Se trata, a grandes rasgos, de un planteamiento de rango constitucional (por ello se tramita como acto legislativo) que busca plantear una base normativa, unos presupuestos mínimos, para que, posteriormente y si se da el caso, pueda haber una discusión entre el Estado y los miembros de grupos al margen de la ley. Es un camino.
Apoyamos, pues, que se trate de una iniciativa constitucional, porque sólo desde allí pueden sentarse verdaderas y aplicables bases de justicia transicional para un país que lleva décadas inmerso en un conflicto armado que parece no tener fin. Se le han hecho duras críticas que van de un lado al otro: porque contempla suspensiones de la acción penal contra los delincuentes, porque sus criterios para la misma son muy amplios o porque, como dicen los alarmistas, terminarían en el Congreso los cabecillas de las Farc, o miembros del grupo que hayan cometido graves faltas contra el derecho internacional de los derechos humanos.
Para poder debatir sobre este punto hace falta brindarle a la discusión un marco conceptual claro.

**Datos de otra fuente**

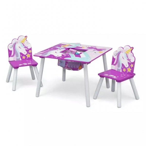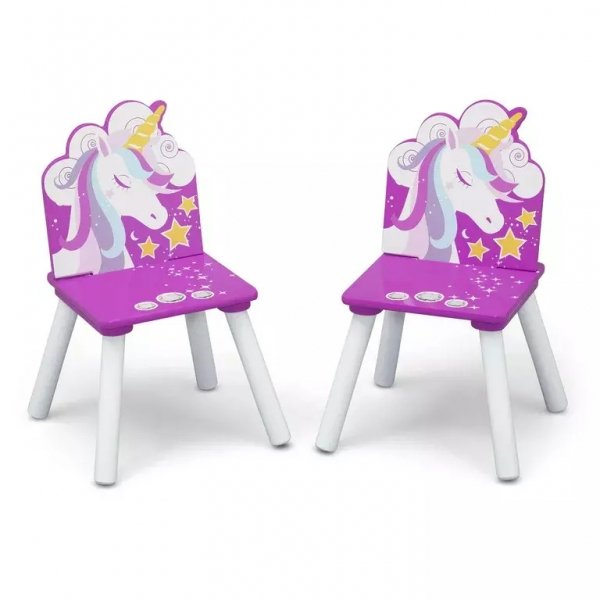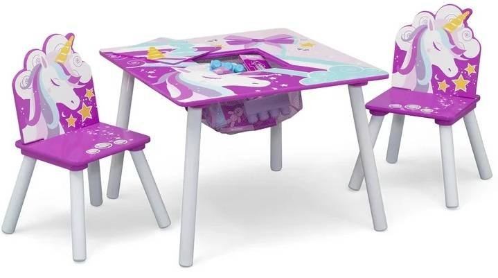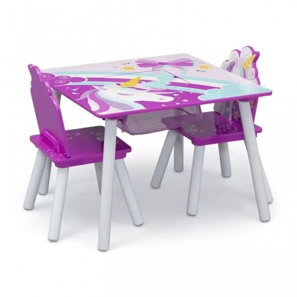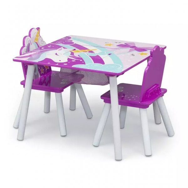 Originální design dětského stolu s židlemi v bílém provedení s motivem jednorožce. Stoleček je ideálním místem pro hraní, malování, občerstvení nebo pro posezení s kamarády. Originální doplněk do dětského pokoje, praktický, přizpůsobený dětským potřebám. Nábytek je stabilní, snadno se čistí.

La justicia transicional, la que ha tenido éxito en el mundo y a lo largo de los años, no se caracteriza por imponer penas y cárcel a todos aquellos que decidan participar en ella. Por un elemento de practicidad, por un lado, ya que se supone que es una negociación al margen de las normas penales existentes, que se da dentro de un contexto político definido y que pretende ser aspecto puntual de un diálogo entre dos partes que en algo tienen que ceder. Y por un elemento de efectividad, por el otro: poniendo como ejemplo a la guerrilla de las Farc, se levantarían cientos de miles de procesos que la justicia simplemente no podría abordar. Ya con los procesos de Justicia y Paz se vive algo similar, que no quisiéramos repetir.

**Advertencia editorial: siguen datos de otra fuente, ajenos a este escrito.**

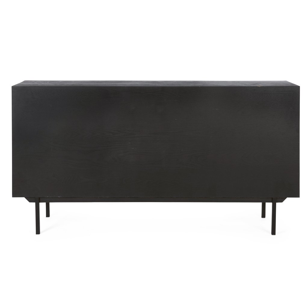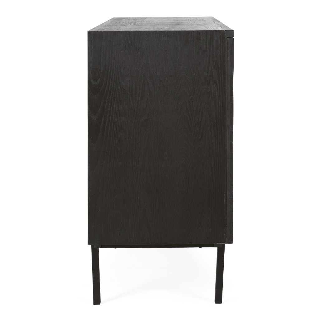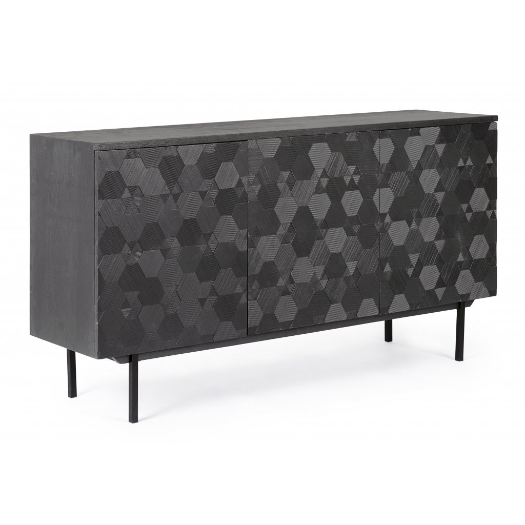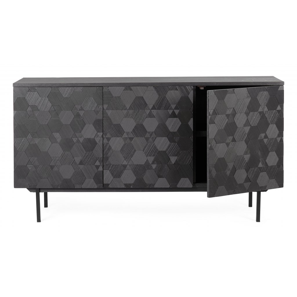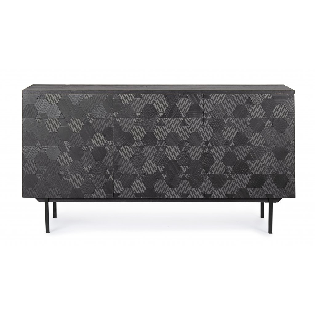 Designová komoda EULALIA od italského výrobce nábytku BIZZOTTO. Komodu tvoří 4 kovové ocelové nohy v černé barvě. Samotná kostra včetně vnitřních polic je vyrobena z černě lakované dřevovláknité mdf desky. Přední část tvoří 3 nádherná dvířka z jasanového dřeva s fantastickými geometrickými vzory. Za dvířky Vás pak čeká krásný úložný prostor rozdělený na jednotlivé police.

Con un sistema judicial débil como el de Colombia es muy difícil hacer efectivo el cumplimiento de la totalidad de las penas para todos los guerrilleros. Es casi risible, y sería irreal que así fuera presentado. Por eso es de aplaudir que la propuesta sea un proceso de priorización de los delitos para su correspondiente juzgamiento. Empezando, obviamente, por los más graves. Se levanta ahí, a juicio de los expertos, una disyuntiva jurídica entre dos valores: el deber del cumplimiento de las penas o la paz. El primero no se puede hacer realidad de una forma efectiva, pero sí podría sacrificarse en torno a un valor del Estado que es la paz.

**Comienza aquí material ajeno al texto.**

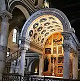 Но самое необычное в интерьере базилики — пресбитерий (1207). Он непосредственно примыкает к апсиде, приподнят на колоннах и образует второй этаж (антресоль) алтарной части, там же находится амвон (кафедра, 1207), или пульпит (лат. pulpitum — помост, подмостки), романского типа и темплон, облицованные мелкими кусочками зелёного, синего, розового, чёрного мрамора в стиле косматеско. Причём средневековые мотивы сочетаются с почерпнутыми из античности: вырезанными из мрамора йониками и бусами. На пресбитерий ведут две боковых лестницы. Третья спускается вниз, в крипту[7][8].

No es esto un llamado a la impunidad: para eso deben existir comisiones de verdad y de reparación (pasos fundamentales para llegar a la paz). Pero no es realista pensar en llenar las cárceles de guerrilleros condenados en procesos judiciales.
Para ello es fundamental la priorización. Si ésta se hace de una manera correcta es imposible en la práctica que un cabecilla de las Farc quede habilitado para hacer política, eso sin mencionar que es improbable, además, a nivel de legitimidad electoral. Hace falta, sí, más claridad en los criterios de priorización y de penas. El defecto del marco es ese.
Los defensores de la iniciativa dicen que esto se hará más claro en la ley estatutaria que regule el tema con posterioridad. Pero el marco para la paz, como lo dijimos, es un camino. Y el camino debe estar bien definido, sin ambigüedades, para que así lo sepa no sólo la ciudadanía, sino también la guerrilla, el posible interlocutor. El Gobierno ha dicho que incorporará cambios de acuerdo con las críticas: esperamos que sea cierto y que se haga pronto. Con todo el debate de rigor que esto amerita.